Between 1979 and 2014, a total of 181 909 invasive CRC cases in NJ ages 20 and older were included in the analyses, after excluding 5364 (2.9%) cases ascertained only from death certificate and autopsy reports. Of these cases, 12 080 (6.6%) were 20‐49 and 169 829 (93.4%) were 50 and older. Between 1992 and 2014, 113 501 invasive CRC cases were included in the analyses. Of these cases, 8588 (7.6%) were 20‐49 and 104 913 (92.4%) were 50 and older. The stage analyses included 123 420 cases (both in situ and invasive CRC); 9217 (7.5%) were 20‐49, and 114 203 (92.5%) were 50 and older.

CRC sites were based on primary site and histology coded to the International Classification of Diseases for Oncology, 3rd Edition (ICD‐O‐3).24 CRC sites included C18.0, 18.2‐20.9, and C26.0; diagnosis of appendix (C18.1) was excluded. ICD‐O‐3 Histological types 9590‐9989, 9050‐9055, and 9140 were also excluded. Cases with unknown age or county of residence were excluded, as were cases reported only through autopsy reports or death certificates. CRC subsites were defined as: proximal includes the cecum, ascending colon, hepatic flexure, and transverse colon (C18.0, C18.2‐18.4), distal includes the splenic flexure, descending and sigmoid colon (C18.5‐C18.7), and rectal which includes the rectosigmoid junction and rectum (C19.9, C20.9). Large intestine, NOS (C18.8‐18.9, 26.0), was excluded from the subsite‐specific analyses.

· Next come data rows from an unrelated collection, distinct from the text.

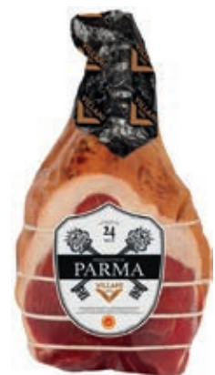
PAR200 PROSCIUTTO PARMA S/O 24MESI ADDOBBO 8,5+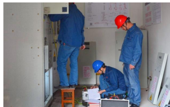
图二 电力工程安装工作

有些电力企业并没有足够的重视政工管理工作队伍的建设,因此,在领导分配工作的时候,很难在繁重的工作中将艰巨的工作做得很好,因此,迫切需要加强政工队伍的建设(如图二)。但是,大部分的工作人员都觉得,政工管理工作是由政工部门来负责的,与自己所从事的工作没有太大的联系,因此,在工作中,他们的态度也没有调整好,因此,政工管理工作的成效并不明显,政工管理队伍的建设状况与日薄西山。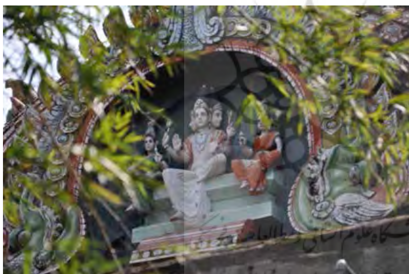
تصویر ۵. برهما، معبد سیرکازی (Sirkazhi) واقع در تامیل نادو (Tamil Nadu)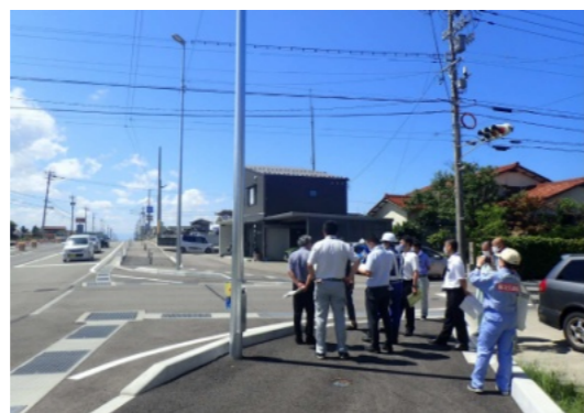
通学路の危険箇所の合同点検

指摘のあった38か所は今後、津幡警察署、国土交通省、石川県などの各施設管理者で具体的な対策を検討し、11月に市通学路安全推進協議会において実施内容を諮り、対策を進めていく。

SEER*Stat software (version 8.3.4, NCI)25 was used to generate frequency counts, percentages, and annual age‐adjusted incidence rates with 95% confidence intervals (CIs) by age, sex, race, ethnicity, CRC subsite, and stage. Analogous data from nine SEER population‐based cancer registries (Atlanta, Connecticut, Detroit, Hawaii, Iowa, New Mexico, Seattle‐Puget Sound, San Francisco‐ Oakland, Utah)26 were used to compare NJ to the US between 1979 and 2014 by sex and age (n = 448 714). Of these, 34 333 (7.7%) were 20‐49 and 414 381 (92.3%) were 50 and older. For race and ethnicity, analogous data from 13 SEER registries (SEER 9 plus San Jose‐Monterey, Los Angeles, Alaska Native Registry, rural Georgia)27 were used to compare NJ to the US between 1992 and 2014 (n = 401 739). In this database, 35 898 (8.9%) were 20‐49 and 365 841 (91.1%) were 50 and older. SEER 13 registries reported on expanded race/ethnicity starting in 1992, which allowed us to include Hispanic and Asian or Pacific Islanders (APIs) in our race/ethnicity subanalyses. Age‐adjusted rates were based on the 2000 US population standard.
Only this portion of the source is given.